In this digital age, the corporate social media policy is the common tool for guiding employee’s positive use of digital media.

The purpose of a company social media policy is to guide and instruct employees on how to use social media responsibly and positively to create goodwill among customers and potential customers considering purchasing your service or product or shopping at your store or dining at your restaurant.

The social media policy is also a guide and tool to gently remind employees about the diversity of viewpoints and opinions of your customers. And that that diversity should be forefront in employees’ mind prior to interacting on social media. Employees may care deeply about personal beliefs and hot button topics such as politics or religion, and they can discuss those on their own time, but shouldn’t use social media, in their role as employees, to argue or offend customers or potential customers.

Strict, Command and Control Policies

Some industries and companies, especially heavily regulated industries, have iron clad strict policies that govern employees’ use of social media. For example, Wall Street and financial companies typically have super strict employee social media policies. You’re not going to find many Goldman Sachs employees Tweeting, Facebooking, or Instagramming about their jobs during the work  day.

Healthcare is another heavily regulated industry with strict social media policies governing employees sharing work or highly confidential patient information via social media.

However, the number of companies with such strict social media policies is becoming smaller and smaller with the growth of social media usage among employees, especially younger employees.
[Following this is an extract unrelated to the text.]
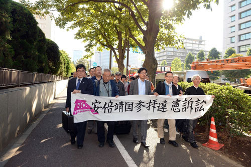 在日本东京地方法院外,部分日本民众举标语走向法庭,,状告日本首相安倍晋三去年12月参拜靖国神社违宪。
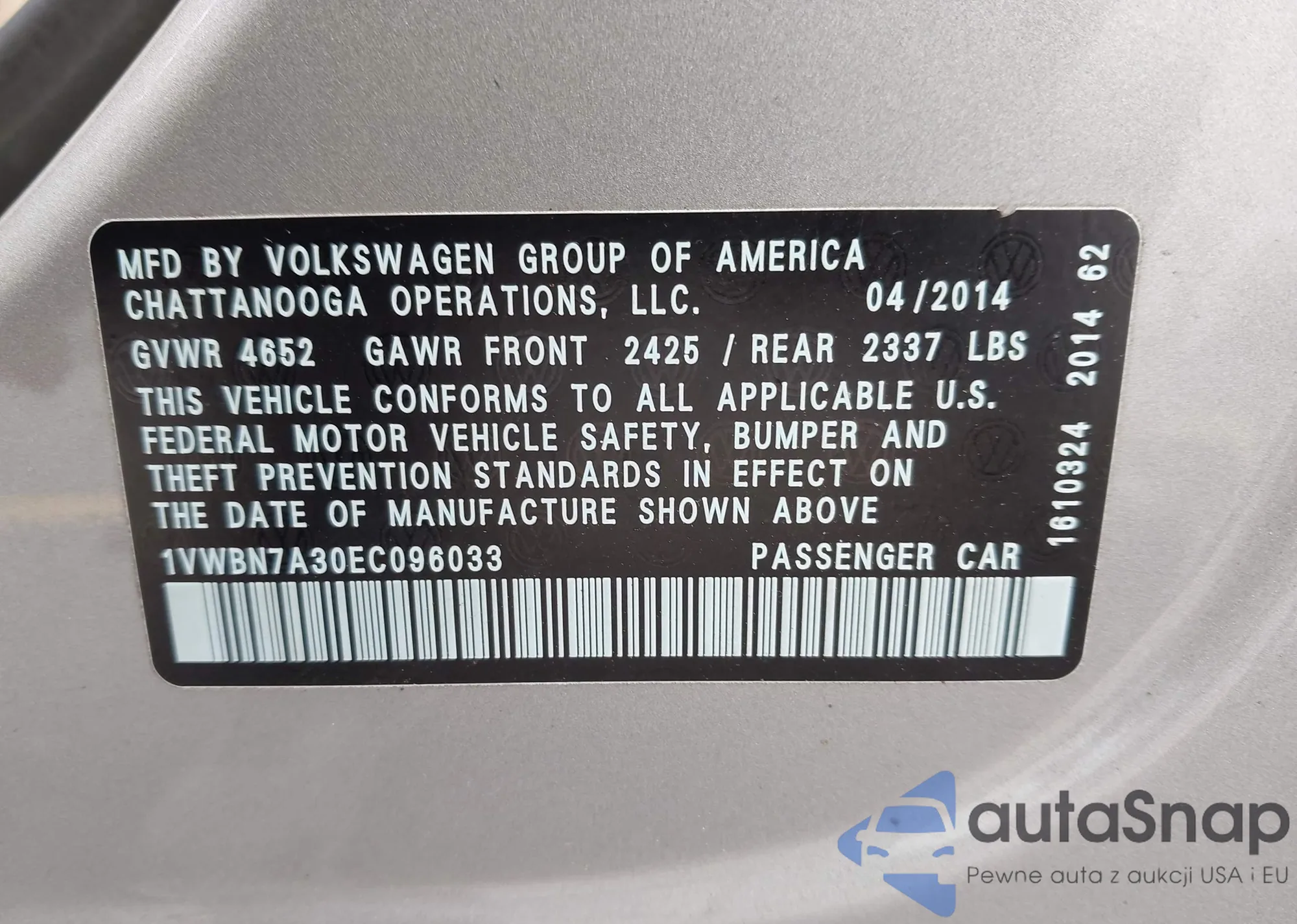 LOT: 43480535 VIN: 1VWBN7A30EC096033

Social Media Policies - Examples from Well-Known Brands and Companies

Coca-Cola
You are responsible for your actions. We encourage you to get online and have fun, but use sound judgment and common sense.

Adidas
You are personally responsible for the content you publish on blogs, wikis or any other form of user-generated media. Please remember that the internet never forgets. This means everything you publish will be visible to the world for a very, very long time. Common sense is a huge factor here. If you are about to publish something that makes you even the slightest bit uncomfortable, review. If you are still unsure and it is related to the Adidas Group and its brands, talk to your manager or Corporate Communications.

Los Angeles Times
Assume that your professional life and your personal life will merge online regardless of your care in separating them.

Best Buy
Basically, if you find yourself wondering if you can talk about something you learned at work -- don’t. Follow Best Buy’s policies and live the company’s values and philosophies. They’re there for a reason.
Just in case you are forgetful or ignore the guidelines above, here’s what could happen. You could:
• Get fired (and it’s embarrassing to lose your job for something that’s so easily avoided)
• Get Best Buy in legal trouble with customers or investors
• Cost us the ability to get and keep customers
Remember: protect the brand, protect yourself.

In this day and age you need to have a social media policy or at the very least a simple set of guidelines. Even short guidelines such as the examples above can go a long way to prevent headaches from employees on social media.